Weanling rats, divided into 3 groups were maintained for 15 days on a diet containing either 5 per cent casein fed ad libitum (Group 1), 20 per cent casein pair-fed to Group 1 (Group 2), or 20 per cent casein fed ad libitum (Group 3). Animals were injected with either 0.9 percent saline or phenobarbital.

Phenobarbital increased microsomal protein, cytochrome P-450, and phosphatidylcholine in all dietary groups; however, in all groups the increase in P-450 was greater than for phosphatidylcholine. Protein deficiency (Groups 1 vs. 2) decreased P-450 and microsomal protein but had no effect on phosphatidylcholine contents.

The fraction of phosphatidylcholine-associated sites relative to the total sites was greater during protein deficiency and was in agreement with a greater Δ A_max per nmole P-450 for ethylmorphine. Phenobarbital induction decreases the proposed fraction of phosphatidylcholine-associated P-450 sites relative to the total P-450 sites and results in a decrease in the Δ A_max per nmole P-450 for ethylmorphine. Phenobarbital increased the Δ A_max per mg of microsomal protein for aniline, which paralleled the increase in total P-450 indicating that the Type II site is independent of any association Of cytochrome P-450 with phosphatidylcholine. The V_max per mg of microsomal protein was 64-66 per cent lower in the protein deficient group. Equivalent reductions of cytochrome P-450 and activities of cytochrome P-450 and c reductases were observed. Phenobarbital induction increased enzyme activities (V_max per mg of microsomal protein) in all groups with greater percentage increases in the protein deficient animals.

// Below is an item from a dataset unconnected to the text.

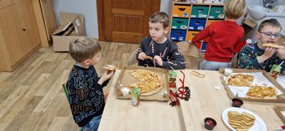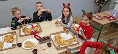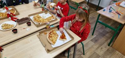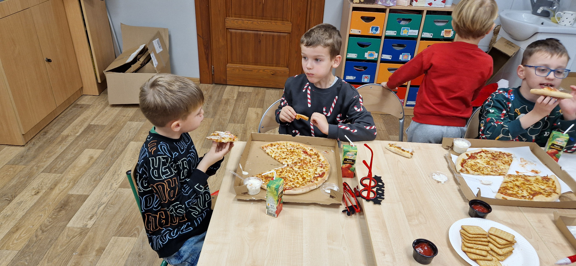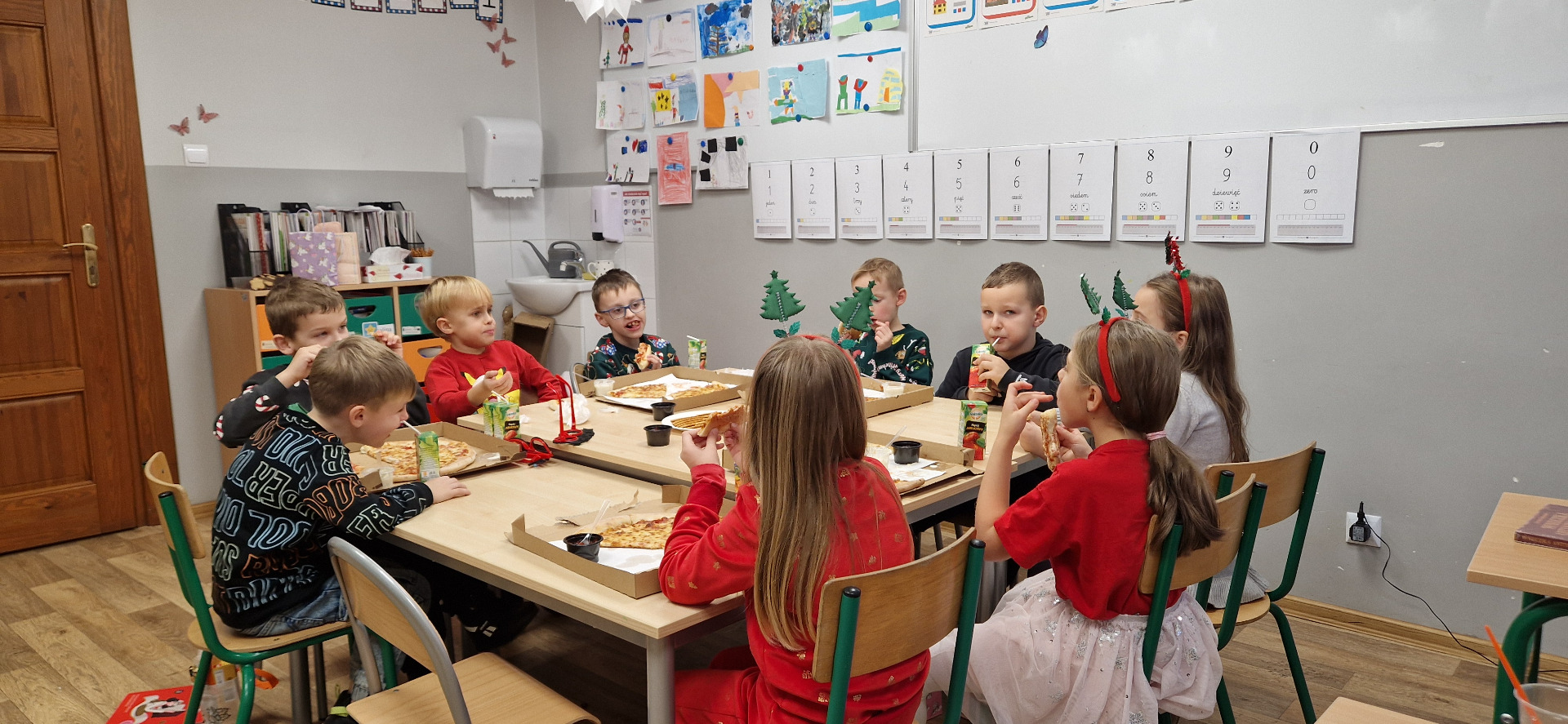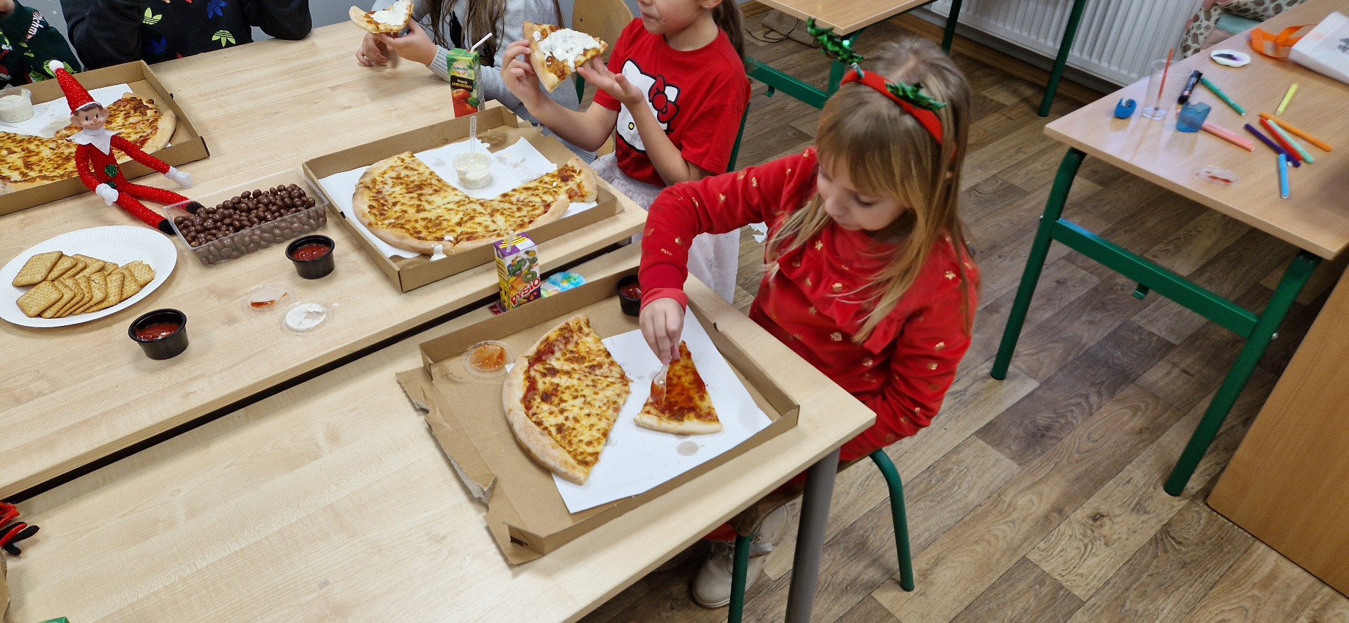 Po emocjach związanych z zagadką i prezentami cała klasa spędziła czas przy pysznej pizzy, tworząc ciepłą i świąteczną atmosferę.

The data suggested that phosphatidylcholine and cytochrome P-450 play important roles in the kinetics of metabolism and binding determined after protein deficiency and/or phenobarbital induction.

The dietary study was repeated using 3-methylcholanthrene as inducer. 3-methylcholanthrene produced results similar to phenobarbital in most cases; however, this inducer illicits the production of a form of P-450 termed P-448. Induction of the various parameters appears more dependent on P-448 production than phosphatidylcholine-P-450 interactions. In contrast to phenobarbital treatment, 3-methylcholanthrene treatment does not increase the specific activity for ethylmorphine metabolism and the activity of cytochrome P-450 and c reductase.

Other studies indicated the K_m and V_max for ethylmorphine N-demethylation is dependent on the substrate concentration range used to determine them. The oxidase system appears to have two different activities, one involving low substrate concentrations; the other, high substrate concentrations.

During induction by both phenobarbital and 3-methylcholanthrene, there is a depression in both K_m and V_max during the first few hours after injection of the inducer which corresponds to the time period when the inducer is in the greatest concentration in the cell. After this initial depression, there was an increase in both K_m and V_max , indicating induction had taken place.